In any resource block that supports tags the following code should be used:

tags = "${merge(var.tags, local.tags)}"

This takes the tag values that are in variable.tf and combines them with any values defined in main.tf in the locals block.

Secrets storage using Terraform

Rackspace recommends storing secrets for Terraform using AWS KMS; embed ciphertext values as data sources in Terraform configurations.
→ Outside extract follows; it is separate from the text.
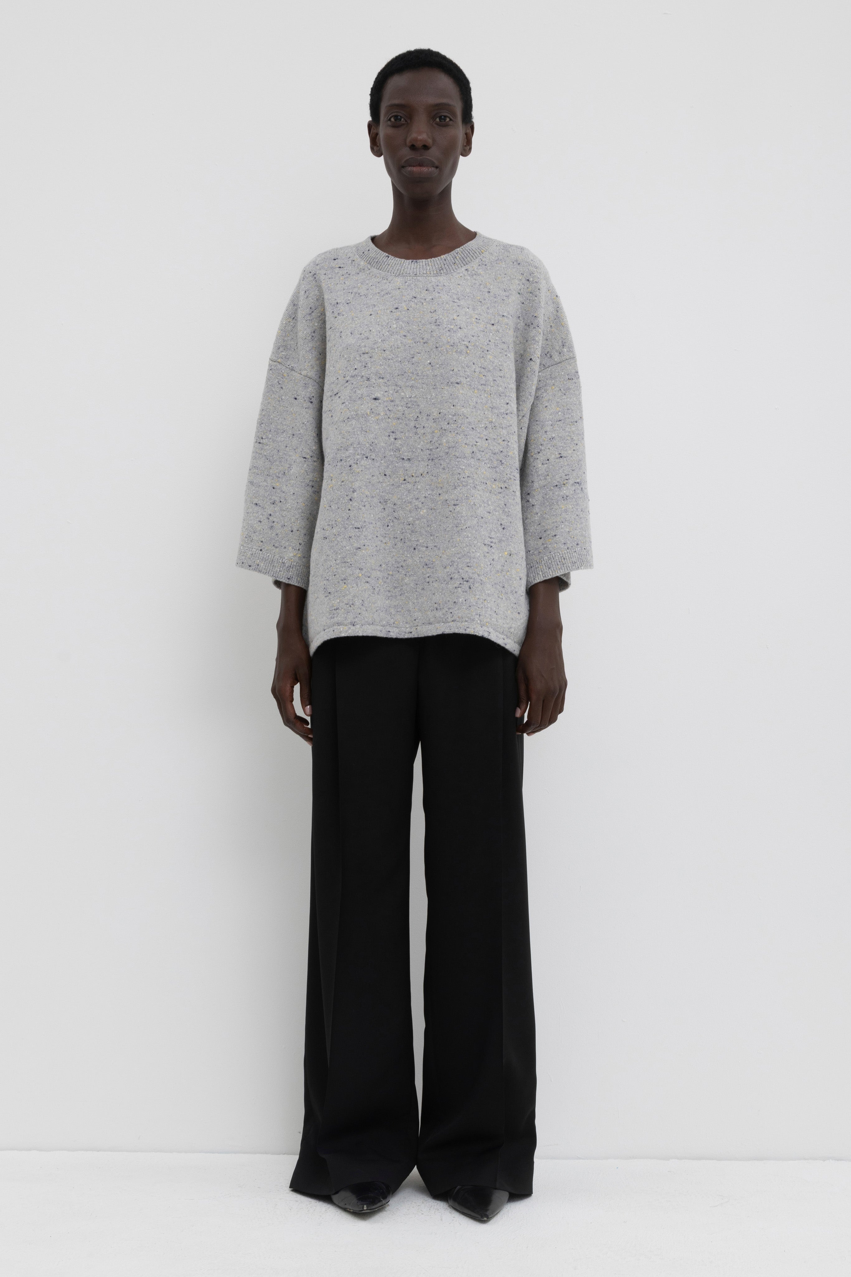 The Kalas Knitwear Top showcases Italian yarn blended in virgin wool in a relaxed oversized silhouette. Designed for those who appreciate understated quality, this refined piece offers timeless appeal and versatile layering potential for a curated wardrobe.
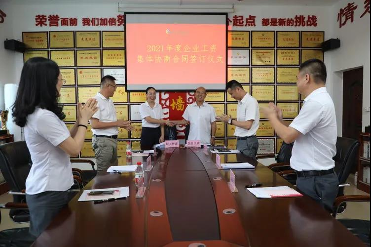 7月15日,《企業(yè)工資專項(xiàng)集體合同》簽訂儀式順利舉行。公司總裁陳云、工會主席高斐斐等6名協(xié)商代表參加了本次簽訂儀式。陳云表示,公司工會在開展此次集體協(xié)商過程中,能夠以企業(yè)職工的意愿和需求為出發(fā)點(diǎn),以切實(shí)維護(hù)職工權(quán)益為目標(biāo),積極引導(dǎo)職工做企業(yè)發(fā)展的主人,不僅為企業(yè)和職工協(xié)商共謀搭建了平臺,還為企業(yè)注入了活力和生機(jī),實(shí)現(xiàn)了企業(yè)和職工雙方的共贏。

Here’s some of the specifics and considerations:

  • Use aws_kms_key to create a KMS key for use by Terraform; you should apply a key policy that allows IAM roles and users to use the key, because federated accounts can’t access KMS keys using the default policy statements (e.g. most Rackers and Customers):
  resource "aws_kms_key" "terraform_config" {
    description = "terraform_config"
    is_enabled  = true

    policy = <<EOF
    {
      "Version": "2012-10-17",
      "Id": "key-default-1",
      "Statement": [
        {
          "Sid": "Default IAM policy for KMS keys",
          "Effect": "Allow",
          "Principal": {
            "AWS": "arn:aws:iam::123456789012:root"
          },
          "Action": "kms:*",
          "Resource": "*"
        },
        {
          "Sid": "Enable IAM user to perform kms actions as well",
          "Effect": "Allow",
          "Principal": {
            "AWS": "${module.terraform_circleci_iam.circleci_user_arn}"
          },
          "Action": "kms:*",
          "Resource": "*"
        }
      ]
    }
  EOF
  }
  • You will need to manually use the AWS CLI (and the key-id for the key you created in the previous step) to encrypt your secrets (mind any line endings if you use file:// to encrypt):
  $ aws kms encrypt \
      --key-id 438290482-e36a-4803-a7d0-db436278 \
      --plaintext "super_secret" \
      --encryption-context resource=my_database,key=password \
      --output text --query CiphertextBlob
  • Equipped with the ciphertext from the previous command, you can now use aws_kms_secrets to expose the secret as a data source for further use in Terraform:
  data "aws_kms_secrets" "example" {
    secret {
      # ... potentially other configuration ...
      name    = "master_password"
      payload = "base64secret=="

      context {
        resource = "db01"
        key      = "password"
      }
    }

    secret {
      # ... potentially other configuration ...
      name    = "master_username"
      payload = "base64secret=="

       context {
         resource = "db01"
         key      = "username"
       }                 
    }
  }

  resource "aws_rds_cluster" "my_database" {
    # ... other configuration ...
    master_password = "${data.aws_kms_secrets.example.plaintext["master_password"]}"
    master_username = "${data.aws_kms_secrets.example.plaintext["master_username"]}"
  }

Note the use of context values; these are used as encryption context key pairs in KMS. These context values can be used by KMS to ensure a specific secret is always accompanied by the same context values (integrity), and may be emitted in CloudTrail logs or included in error messages (debugging).